## REQUIREMENT
Output all of the records word for word and drop the images.

## EXERCISE MATERIAL
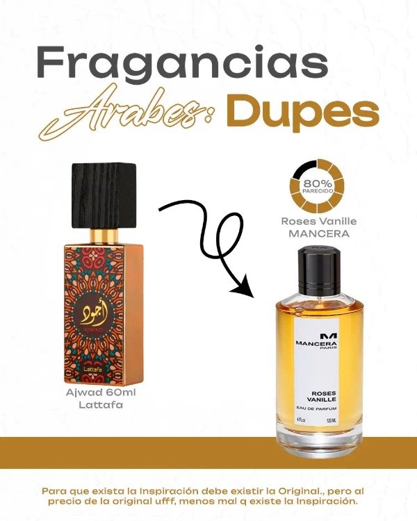 Ajwad de Lattafa Perfumes es una fragancia de la familia olfativa Amaderada Aromática para Hombres y Mujeres. Ajwad se lanzó en 2021. La Nota de Salida es notas afrutadas; las Notas de Corazón son rosa y jazmín; las Notas de Fondo son vainilla, almizcle, ámbar y cedro.
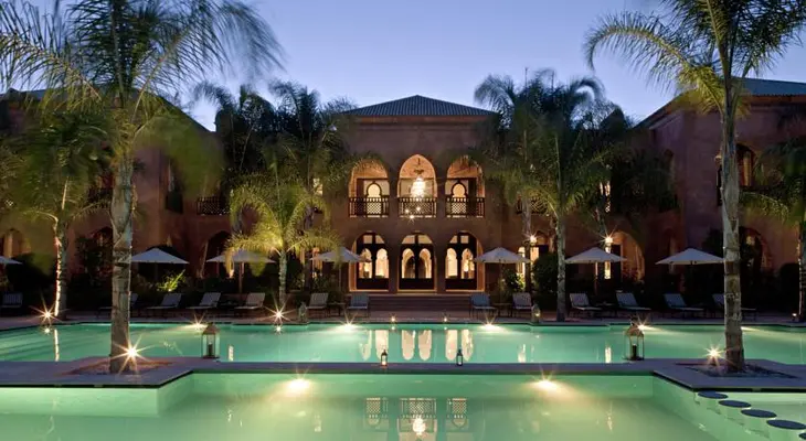 “Lantern-lit gardens, a palm tree–lined pool and a traditional hammam make up this luxe Moroccan hideaway.”
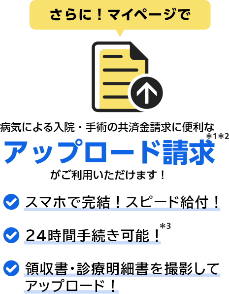 アップロード請求とは、ご加入状況やご請求内容により、必要書類をアップロードすることで共済金をご請求いただけるサービスです。
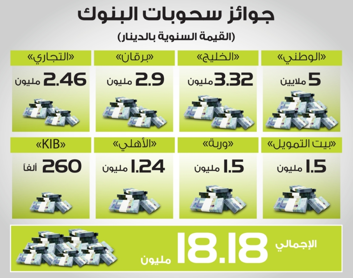 وتتوزع القيمة، بواقع 5 ملايين من حساب الجوهرة من بنك الكويت الوطني وتضم 3 ملايين سنوياً، وجائزة شهرية بـ125 ألفاً لفائز، وأسبوعية بـ 20 ألفاً، وفي المرتبة الثانية يأتي حساب الدانة من بنك الخليج بنحو 3.32 مليون موزعة على جائزة كبرى بـ2 مليون، ونصف سنوية بمليون، وربع سنوية بـ100 ألف، وسحوبات شهرية لـ 10 رابحين بجائزة 1000 دينار للفائز.
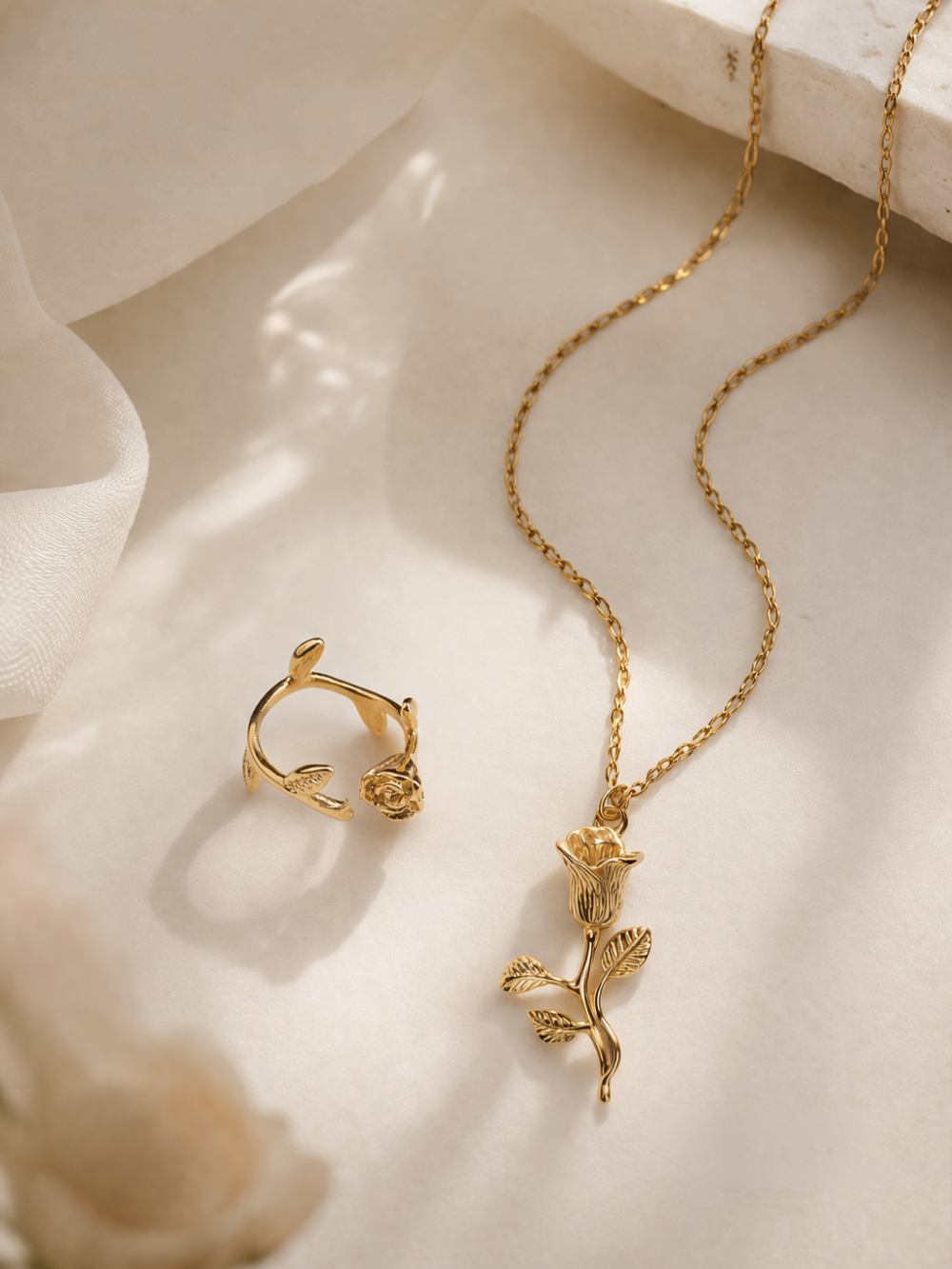 Golden Rose Bloom Set captures the beauty of a blooming rose in a delicate and timeless design.
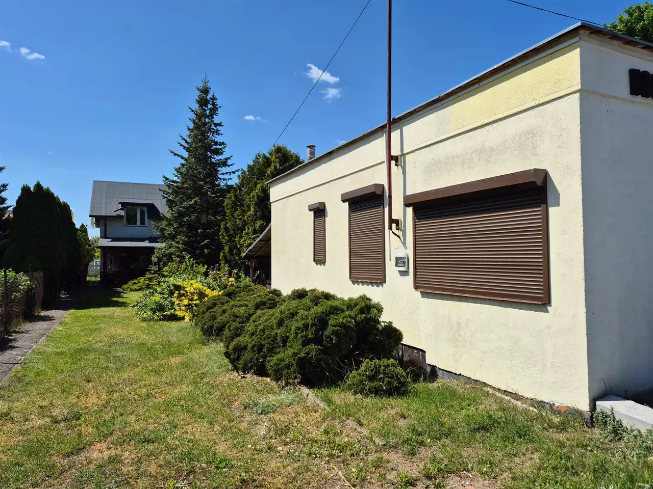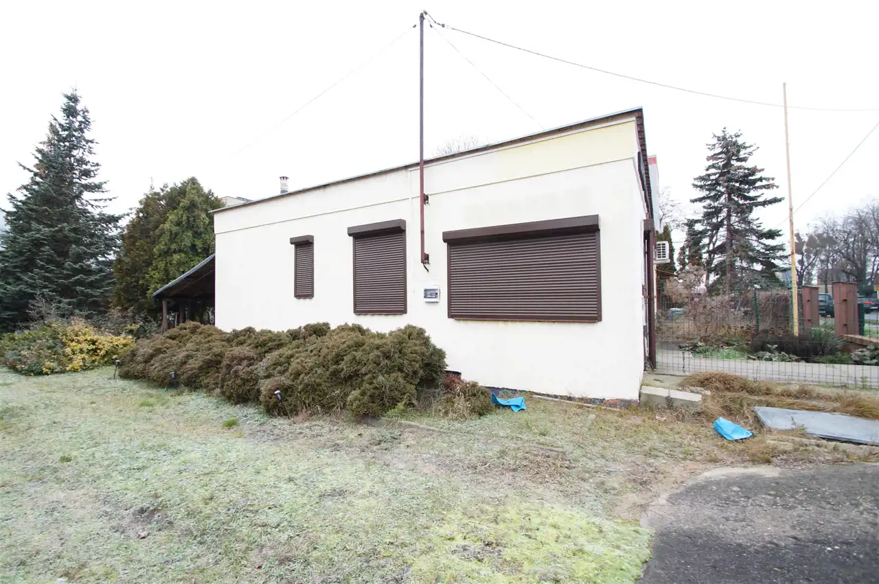 Parterowy budynek usługowy o powierzchni ok 70m2 składa się z kilku pomieszczeń i usytuowany jest z przodu działki.

## RESULT FOR THIS TASK
 Ajwad de Lattafa Perfumes es una fragancia de la familia olfativa Amaderada Aromática para Hombres y Mujeres. Ajwad se lanzó en 2021. La Nota de Salida es notas afrutadas; las Notas de Corazón son rosa y jazmín; las Notas de Fondo son vainilla, almizcle, ámbar y cedro.
 “Lantern-lit gardens, a palm tree–lined pool and a traditional hammam make up this luxe Moroccan hideaway.”
 アップロード請求とは、ご加入状況やご請求内容により、必要書類をアップロードすることで共済金をご請求いただけるサービスです。
 وتتوزع القيمة، بواقع 5 ملايين من حساب الجوهرة من بنك الكويت الوطني وتضم 3 ملايين سنوياً، وجائزة شهرية بـ125 ألفاً لفائز، وأسبوعية بـ 20 ألفاً، وفي المرتبة الثانية يأتي حساب الدانة من بنك الخليج بنحو 3.32 مليون موزعة على جائزة كبرى بـ2 مليون، ونصف سنوية بمليون، وربع سنوية بـ100 ألف، وسحوبات شهرية لـ 10 رابحين بجائزة 1000 دينار للفائز.
 Golden Rose Bloom Set captures the beauty of a blooming rose in a delicate and timeless design.
 Parterowy budynek usługowy o powierzchni ok 70m2 składa się z kilku pomieszczeń i usytuowany jest z przodu działki.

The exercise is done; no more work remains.